R. B. Tippett & Bro. v. Myers

96 A. 678, 127 Md. 527, 1916 Md. LEXIS 22
CourtCourt of Appeals of Maryland
DecidedJanuary 14, 1916
StatusPublished
Cited by4 cases

This text of 96 A. 678 (R. B. Tippett & Bro. v. Myers) is published on Counsel Stack Legal Research, covering Court of Appeals of Maryland primary law.

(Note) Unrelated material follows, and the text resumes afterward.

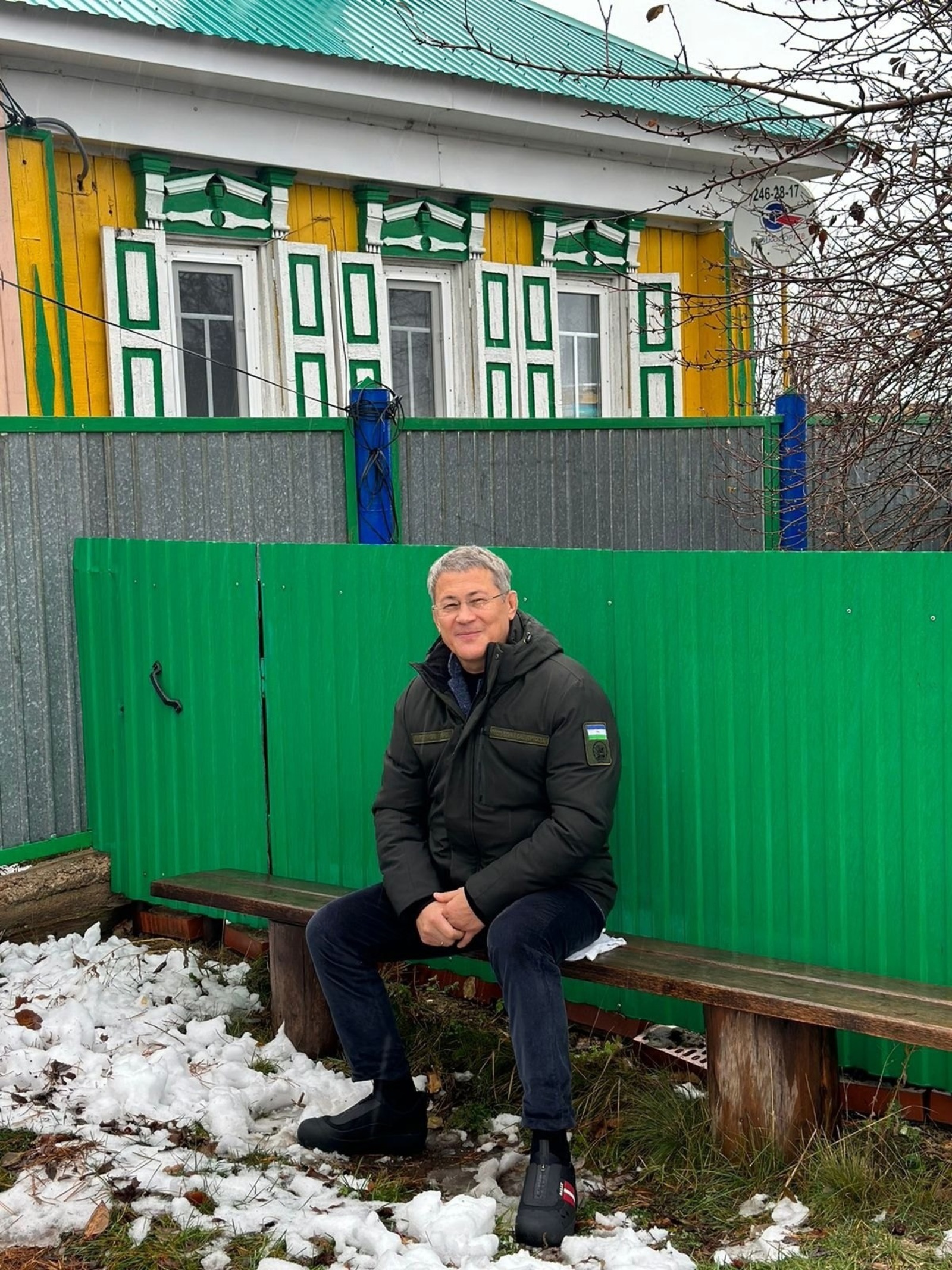 Радий Хабиров сопроводил свой пост фотографией, на которой он сидит на скамейке перед домом матери Ульфата Мустафина.

Counsel Stack provides free access to over 12 million legal documents including statutes, case law, regulations, and constitutions.

Bluebook
R. B. Tippett & Bro. v. Myers, 96 A. 678, 127 Md. 527, 1916 Md. LEXIS 22 (Md. 1916).

Opinion

Boyd, C. J.,

delivered the opinion of the Court.

The appellee sued the appellants in assumpsit on the common counts and attached to the declaration there was an account as follows:

*529 “Baltimore, Md., July 10, 1914.
“Richard B. Tippett and James E. Tippett, co-partners trading as R. B. Tippett & Bro.,
To Olivia R. Myers, Dr.
“May 11, 1908. To Cash collected and retained...............................$800.00
“To interest on same from October 1, 1909 (the interest on said sum having been paid to that time) to date.”

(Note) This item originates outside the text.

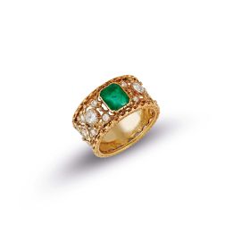 in oro giallo 18kt traforato e inciso, impreziosito al centro da uno smeraldo taglio ottagonale di ct 0.80 circa, affiancato da diamanti taglio brillante per ct 0.80 circa (difetti), firmato Buccellati, mis. 12/52, gr. 6

The record states that annexed to the declaration was an affidavit under the Act of 1886, Chapter 184, which with amendments is the Practice Act of Baltimore City, Sec. 312, etc., of Art. 4 of Public Local Laws. The defendants plead, separately, the pleas of- never indebted, never promised and limitations. The plaintiff joined issue on the first and second pleas and replied to the third, alleging fraud. The defendants filed rejoinders to the replications to their pleas and issues were joined. The trial resulted in a verdict for plaintiff for $800.00, and this appeal was taken from the judgment rendered thereon.

There are nine bills of exceptions presenting rulings on the evidence, and a tenth containing the rulings on the prayers. The plaintiff offered six prayers — the first and fourth of which were granted and the others rejected. R. B. Tippett offered five and J. E. Tippett four, separately, and they offered one jointly which is marked defendants’ sixth prayer, all of which were rejected.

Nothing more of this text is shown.